11 - Database Replication and Sharding

Replication

Replication means keeping copies of your data on multiple servers. Two main purposes: fault tolerance (if one dies, others have the data) and read scalability (spread read queries across replicas).

Leader-Follower Replication

The most common pattern. One server is the leader (primary). It handles all writes. Followers (replicas) receive a copy of every write and serve read queries.

Client writes → Leader
                  ↓
            ┌─────┼─────┐
            ▼     ▼     ▼
         Follower 1  2  3

Client reads → any Follower

Advantages: simple model, read scalability, fault tolerance.

Disadvantages: the leader is a single point of failure for writes. Followers may serve stale data (replication lag).

If the leader dies, one follower gets promoted. This is called failover. It can be automatic or manual.

Synchronous vs Asynchronous Replication

Synchronous — the leader waits for followers to confirm the write before responding to the client. Guarantees no data loss but adds latency to every write.

Asynchronous — the leader responds immediately and replicates in the background. Fast writes but followers may lag behind. If the leader crashes before replicating, data is lost.

Most systems use semi-synchronous: one follower is synchronous (guarantees at least one copy), the rest are asynchronous.

Multi-Leader Replication

Multiple servers accept writes. Used for multi-region deployments where you want low-latency writes in every region.

The problem: write conflicts. Two leaders can accept different writes to the same record at the same time. Example: a user in Tokyo edits a shared document's title via the Asia leader, while their colleague in London edits the same title via the EU leader. Both writes succeed locally. When the leaders sync, which value wins?

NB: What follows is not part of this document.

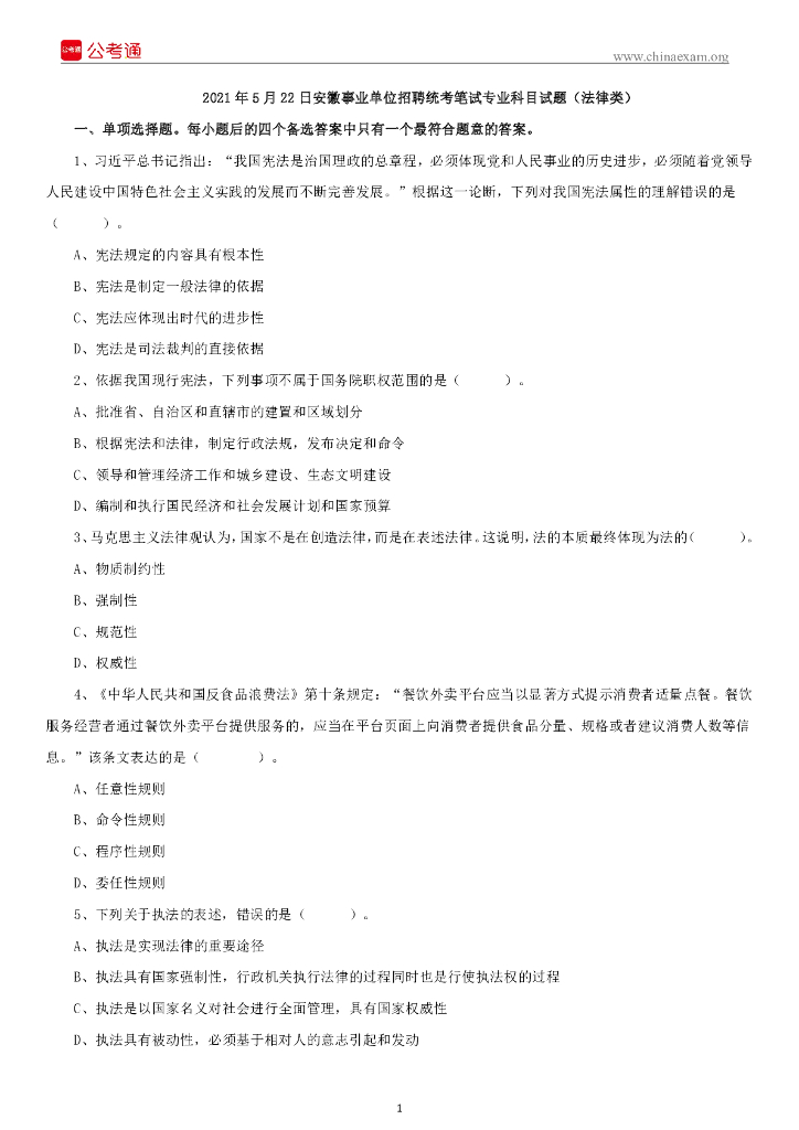 2021年5月22日安徽事业单位统考笔试专业科目试题(法律类).pdf

Conflict resolution strategies:

Last write wins — use timestamps, latest write overwrites. Simple but silently loses the other write.
Merge the changes — combine both values (works for some data types like lists, not for a name field). Complex.
Let the application resolve — store both versions, show the user a conflict to resolve (like Git merge conflicts).

Multi-leader is complex. Avoid it unless you have a strong reason (multi-region low-latency writes).

Sharding (Partitioning)

Replication copies the same data to multiple servers. Sharding splits the data across multiple servers. Each shard holds a subset of the total data.

Why shard? When your dataset is too large for a single machine, or write throughput exceeds what one server can handle.

Sharding Strategies

Range-based — shard by ranges of a key. Users A-M on shard 1, N-Z on shard 2. Simple but can create hot spots (if most users have names starting with S).

Hash-based — hash the key and mod by the number of shards. Distributes data evenly. But range queries become expensive (you must query all shards).

Directory-based — a lookup service maps each key to its shard. Flexible but the directory is a single point of failure and a potential bottleneck.

Challenges of Sharding

Sharding adds significant complexity:

Joins across shards — expensive or impossible. You must denormalize.
Rebalancing — adding or removing shards requires moving data.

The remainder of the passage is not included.